Would you transcribe the whole listing exactly, minus its pictures?

+++++

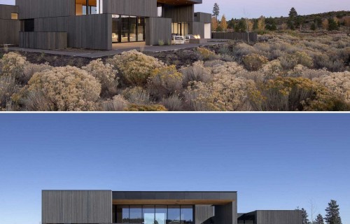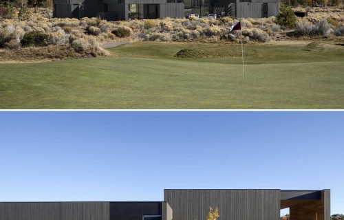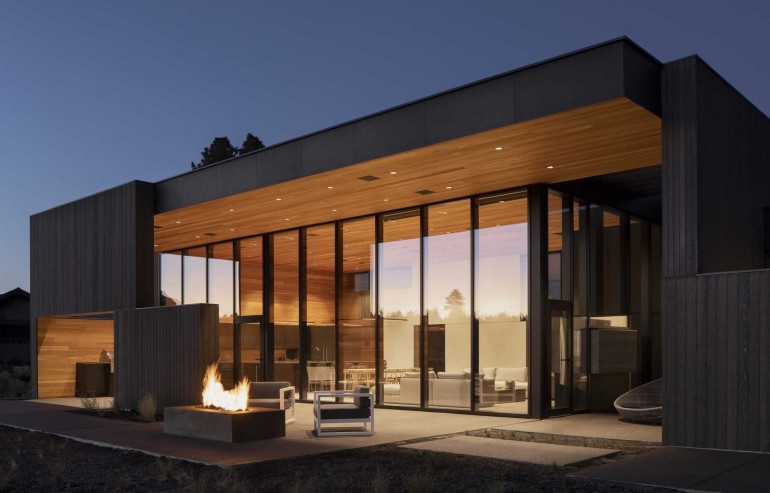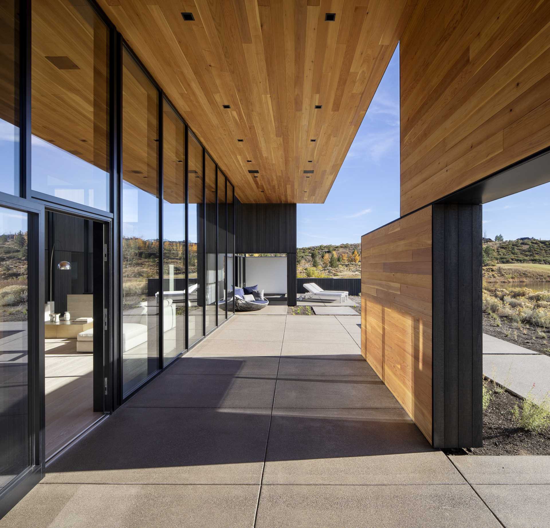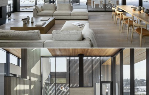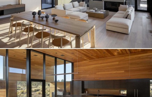 A High Ceiling Covers The Living Room And Kitchen Inside This New House
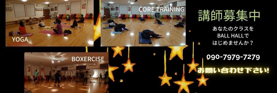 BALL HALLでは、「ダンス」「健康」「食」「婚活」など様々なイベントやレッスンを開催予定です。情報は今後、メールマガジンでご案内いたします。ぜひご登録いただき、あなたの健康で豊かな毎日にお役立てください。 【メールマガジン登録者には特典クーポンをご用意しています!】 ★イベント時の特典(○○無料券)ご利用 ★キッズレッスン初回体験でのご利用(無料) ★一般レッスン初回体験でのご利用(割引) のうちのいずれか1回のみ利用できます。 BALLHALL バルホール 090-7979-7279(担当/江田) |
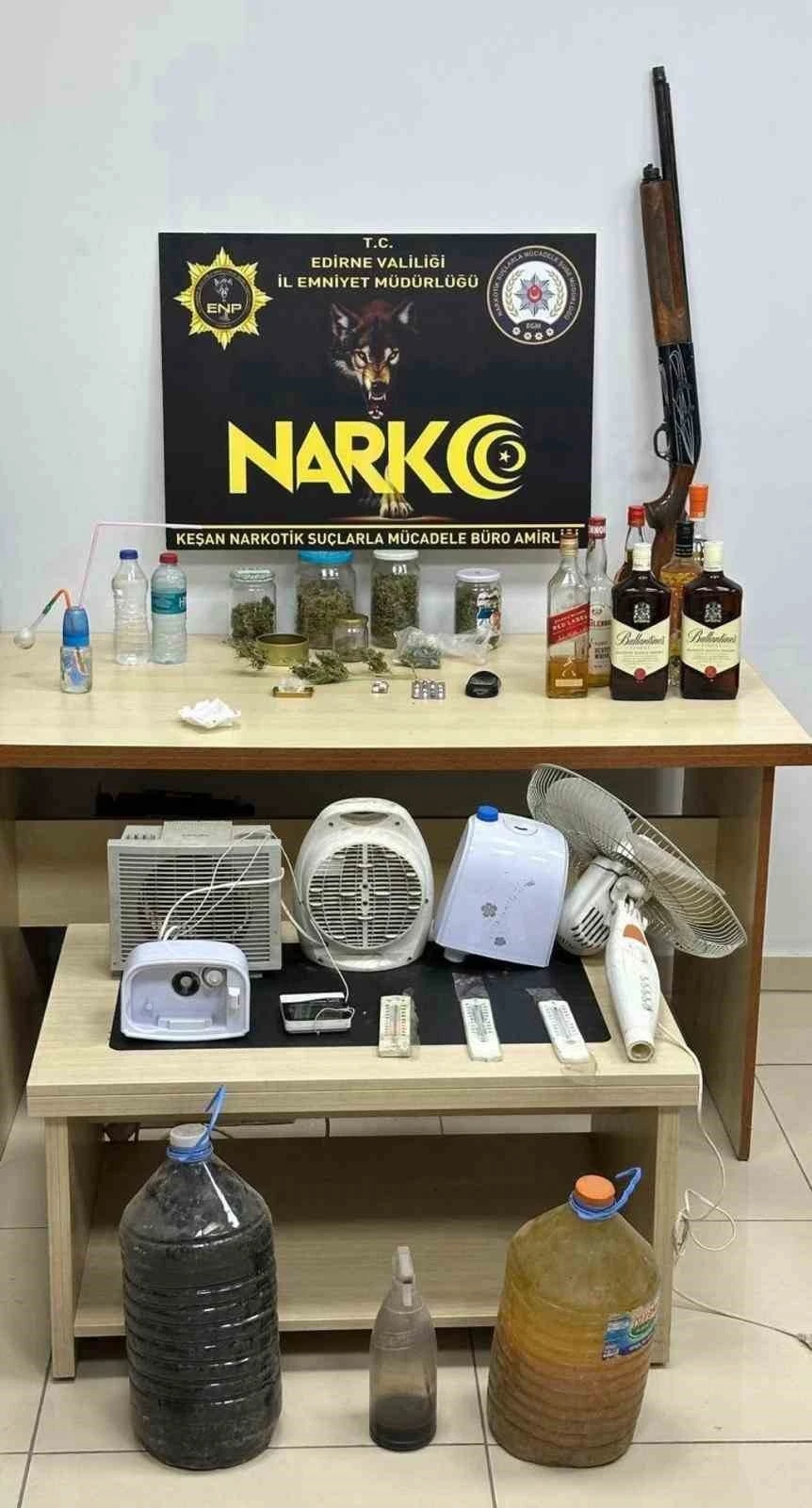 Keşan Narkotik Büro Amirliği ve İstihbarat Şube Müdürlüğü’nün koordineli çalışmalarıyla, Keşan Sanayi Sitesi’nde bulunan bir oto elektrikçiye ait iş yerine yapılan baskında iş yeri sahibi Y.Ç.’nin uyuşturucu madde bulundurduğu tespit edildi. Aramada yazıhanede 1 kilogram 972 gram esrar, 18 adet sentetik ecza hap, 6 adet ecstasy hap, 1.12 gram kenevir tohumu, 1 hassas terazi, 1 av tüfeği ve çeşitli kaçak içkiler ele geçirildi.
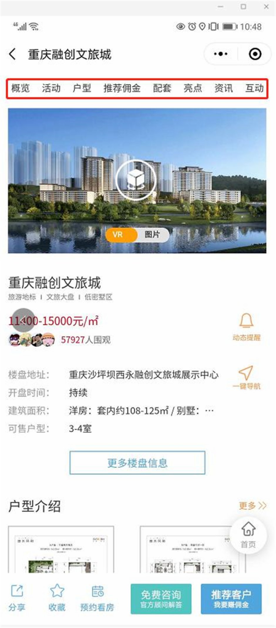 目前,不少房企線上看房平臺仍缺少視頻、VR看房等3D模式,仍以海報等平面展示為主,導致用戶體驗不盡如人意。而此次融創西南幸福通升級,覆蓋融創西南區域重慶、四川、廣西、云南、貴州五省市百余個項目臻品房源,開發出樓盤線上展廳、戶型詳解、線上售房部、營銷活動、在線咨詢、掃碼簽到、預約到訪、在線認購等模塊,具備線上看房、VR帶看、線上預約和認購等功能,讓用戶足不出戶即可查看中意樓盤,一站式完成咨詢、預約和購買。
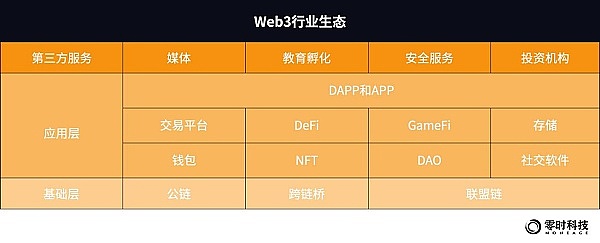从用户视角看Web3生态,可分为基础层、应用层和第三方服务。基础层以公链、跨链桥和联盟链等链为主,为Web3提供网络基础设施;应用层则以APP(中心化应用程序)和DAPP(去中心化应用程序)为主,即用户常用来交互的应用程序,包含交易平台、钱包、DeFi、NFT、GameFi、DAO、存储和社交软件等。基础层和应用层促进了Web3生态的繁荣,但也为Web3带来巨大的安全隐患。服务生态是Web3行业的第三方,其中媒体、教育孵化和投资机构为行业提供助力,安全服务机构如零时科技,是为Web3安全保驾护航不可或缺的一部分。
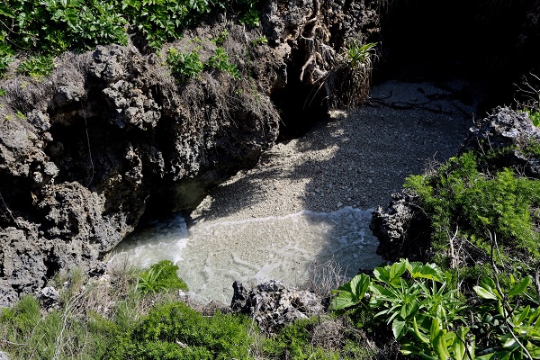 ぽっかりあいた縦穴をこわごわ除くと、海水が途中まで入って来ていた。
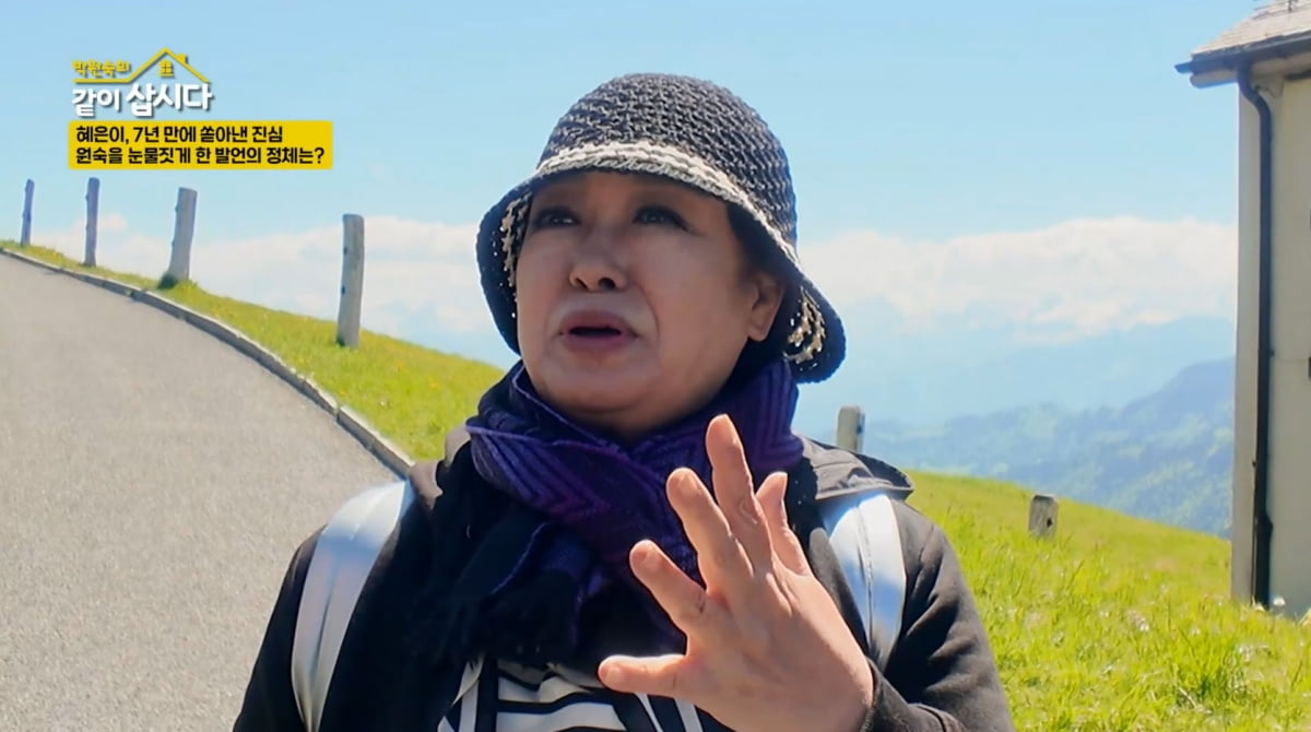 혜은이는 문득 생각나듯 '같이 삽시다' 초반 이야기를 꺼냈다. 그는 "처음 합류했을 때 제 상황이 나쁘기도 나빴다. 그런데 고모(박원숙)가 계속 사진을 찍어주더라. 그게 너무 싫더라"라고 털어놨다.

+++++

▶ [The completed task]
 A High Ceiling Covers The Living Room And Kitchen Inside This New House
 BALL HALLでは、「ダンス」「健康」「食」「婚活」など様々なイベントやレッスンを開催予定です。情報は今後、メールマガジンでご案内いたします。ぜひご登録いただき、あなたの健康で豊かな毎日にお役立てください。 【メールマガジン登録者には特典クーポンをご用意しています!】 ★イベント時の特典(○○無料券)ご利用 ★キッズレッスン初回体験でのご利用(無料) ★一般レッスン初回体験でのご利用(割引) のうちのいずれか1回のみ利用できます。 BALLHALL バルホール 090-7979-7279(担当/江田) |
 Keşan Narkotik Büro Amirliği ve İstihbarat Şube Müdürlüğü’nün koordineli çalışmalarıyla, Keşan Sanayi Sitesi’nde bulunan bir oto elektrikçiye ait iş yerine yapılan baskında iş yeri sahibi Y.Ç.’nin uyuşturucu madde bulundurduğu tespit edildi. Aramada yazıhanede 1 kilogram 972 gram esrar, 18 adet sentetik ecza hap, 6 adet ecstasy hap, 1.12 gram kenevir tohumu, 1 hassas terazi, 1 av tüfeği ve çeşitli kaçak içkiler ele geçirildi.
 目前,不少房企線上看房平臺仍缺少視頻、VR看房等3D模式,仍以海報等平面展示為主,導致用戶體驗不盡如人意。而此次融創西南幸福通升級,覆蓋融創西南區域重慶、四川、廣西、云南、貴州五省市百余個項目臻品房源,開發出樓盤線上展廳、戶型詳解、線上售房部、營銷活動、在線咨詢、掃碼簽到、預約到訪、在線認購等模塊,具備線上看房、VR帶看、線上預約和認購等功能,讓用戶足不出戶即可查看中意樓盤,一站式完成咨詢、預約和購買。
从用户视角看Web3生态,可分为基础层、应用层和第三方服务。基础层以公链、跨链桥和联盟链等链为主,为Web3提供网络基础设施;应用层则以APP(中心化应用程序)和DAPP(去中心化应用程序)为主,即用户常用来交互的应用程序,包含交易平台、钱包、DeFi、NFT、GameFi、DAO、存储和社交软件等。基础层和应用层促进了Web3生态的繁荣,但也为Web3带来巨大的安全隐患。服务生态是Web3行业的第三方,其中媒体、教育孵化和投资机构为行业提供助力,安全服务机构如零时科技,是为Web3安全保驾护航不可或缺的一部分。
 ぽっかりあいた縦穴をこわごわ除くと、海水が途中まで入って来ていた。
 혜은이는 문득 생각나듯 '같이 삽시다' 초반 이야기를 꺼냈다. 그는 "처음 합류했을 때 제 상황이 나쁘기도 나빴다. 그런데 고모(박원숙)가 계속 사진을 찍어주더라. 그게 너무 싫더라"라고 털어놨다.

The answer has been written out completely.